## Problem to work on
Copy out all of the lines below exactly; the pictures do not belong in the copy.

Collected material Start Marker

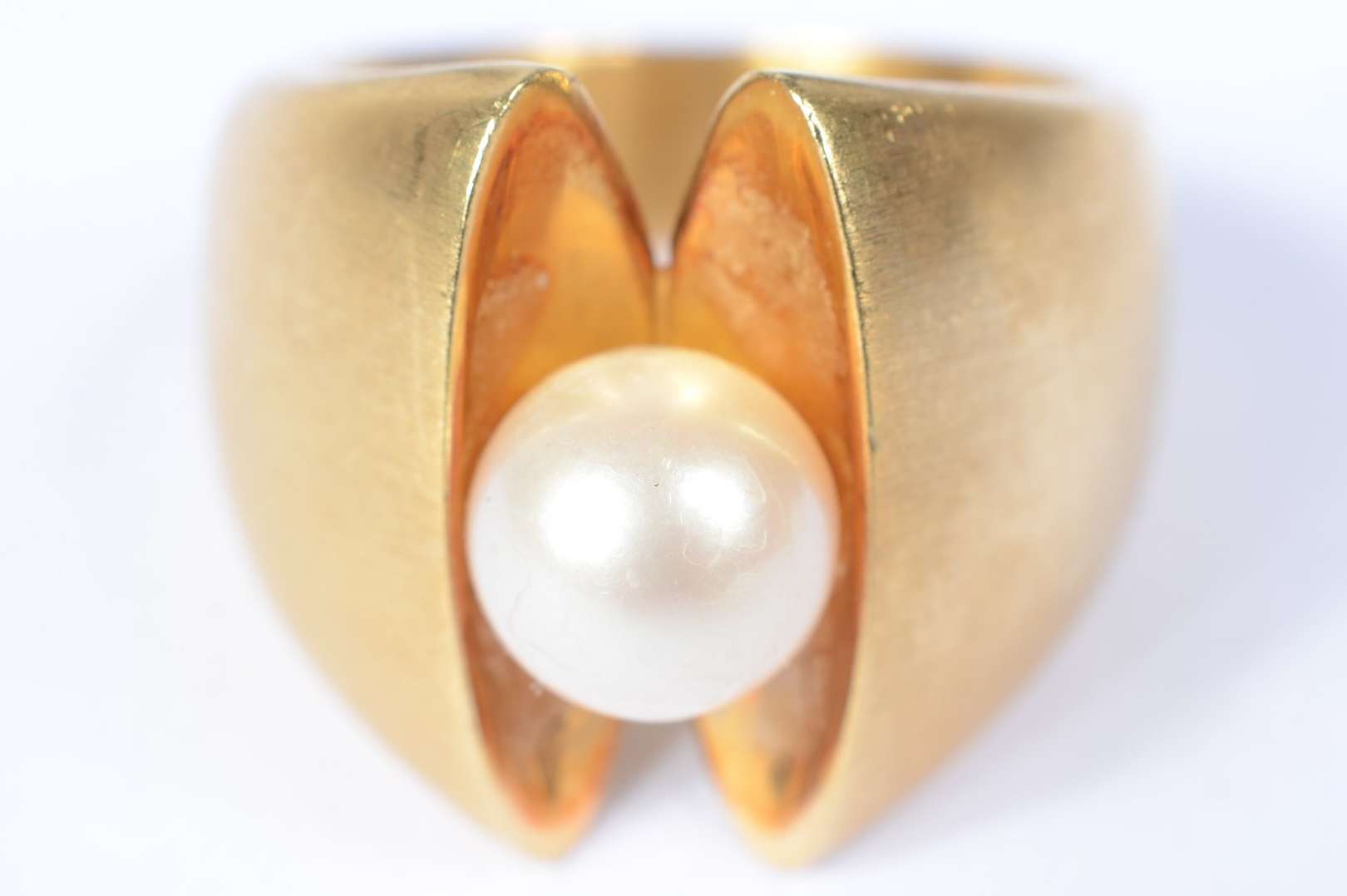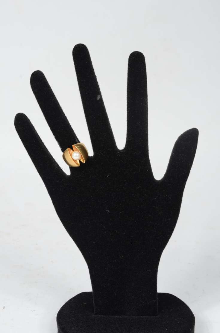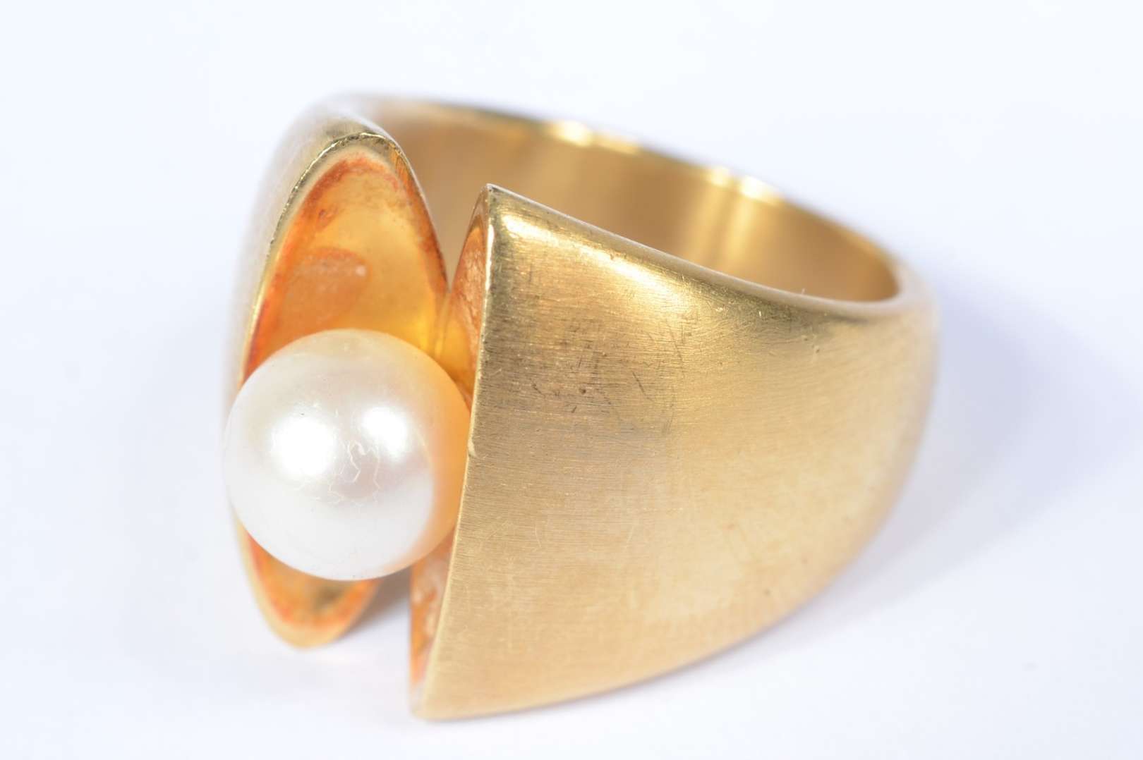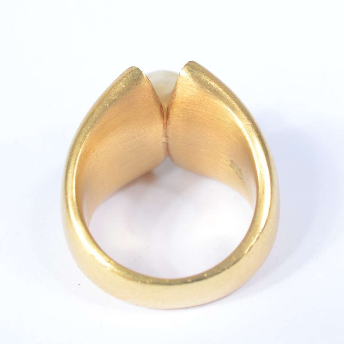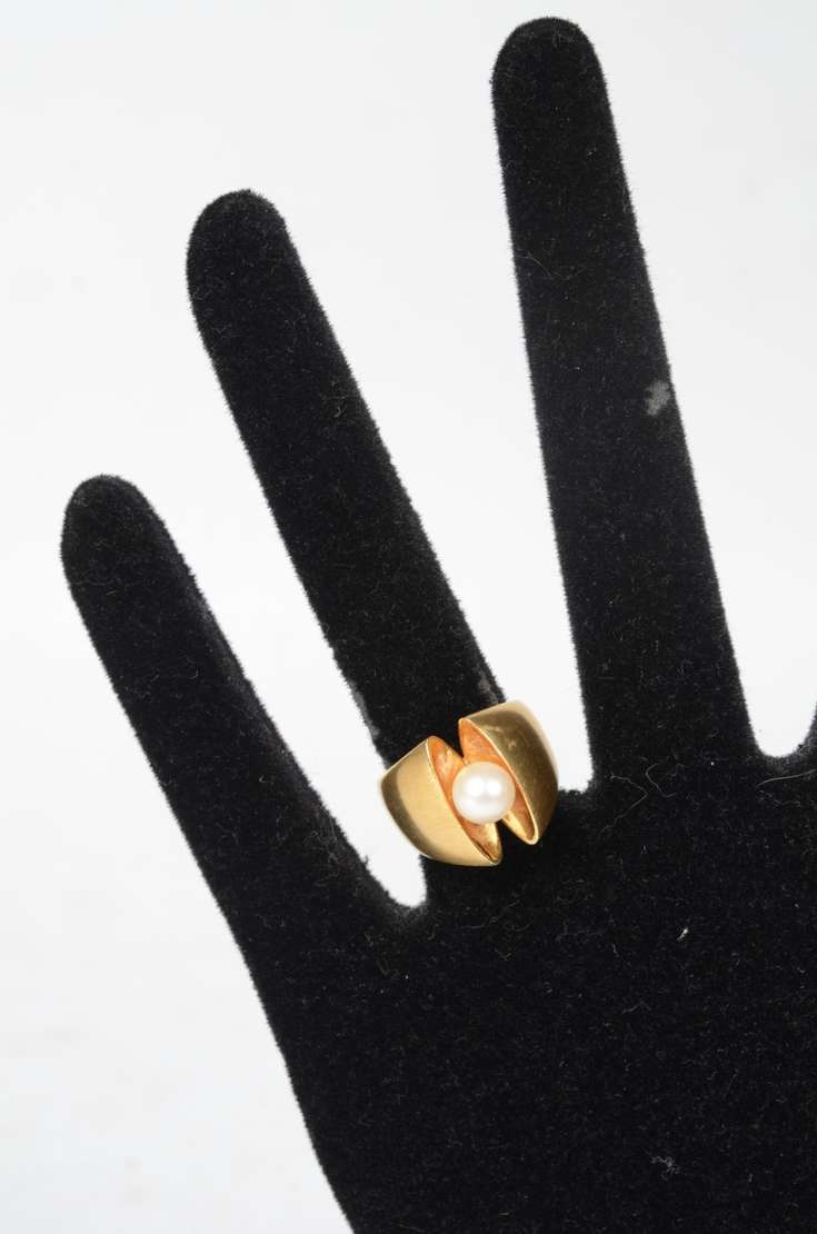 Anel de ouro 18 k., com perola. Aro 17. (Por motivosde segurança a peça não se encontra na loja).
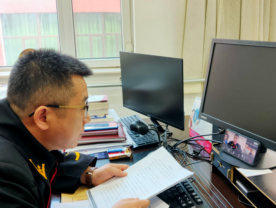 臘月二十八,《法治日?qǐng)?bào)》記者來(lái)到了青海省西寧市城北區(qū)法院廿里鋪法庭。此時(shí)法庭庭長(zhǎng)張永平正身著法袍,坐在辦公室內(nèi),對(duì)著手機(jī)調(diào)解一起糾紛。原被告雙方代理人也同時(shí)出現(xiàn)在手機(jī)屏幕中。
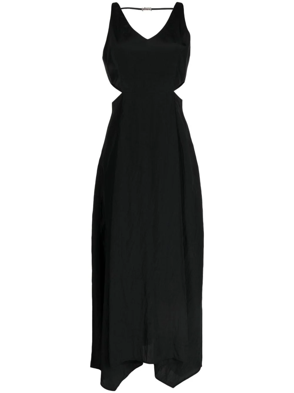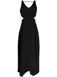 open-side V-neck dress Highlights - Black - Short side slits - Logo plaque - V-neck - Sleeveless - Straight hem Imported Composition Outer: Viscose 85%, Nylon 15% Lining: Polyester 100%

Collected material End Marker

## Exercise output
 Anel de ouro 18 k., com perola. Aro 17. (Por motivosde segurança a peça não se encontra na loja).
 臘月二十八,《法治日?qǐng)?bào)》記者來(lái)到了青海省西寧市城北區(qū)法院廿里鋪法庭。此時(shí)法庭庭長(zhǎng)張永平正身著法袍,坐在辦公室內(nèi),對(duì)著手機(jī)調(diào)解一起糾紛。原被告雙方代理人也同時(shí)出現(xiàn)在手機(jī)屏幕中。
 open-side V-neck dress Highlights - Black - Short side slits - Logo plaque - V-neck - Sleeveless - Straight hem Imported Composition Outer: Viscose 85%, Nylon 15% Lining: Polyester 100%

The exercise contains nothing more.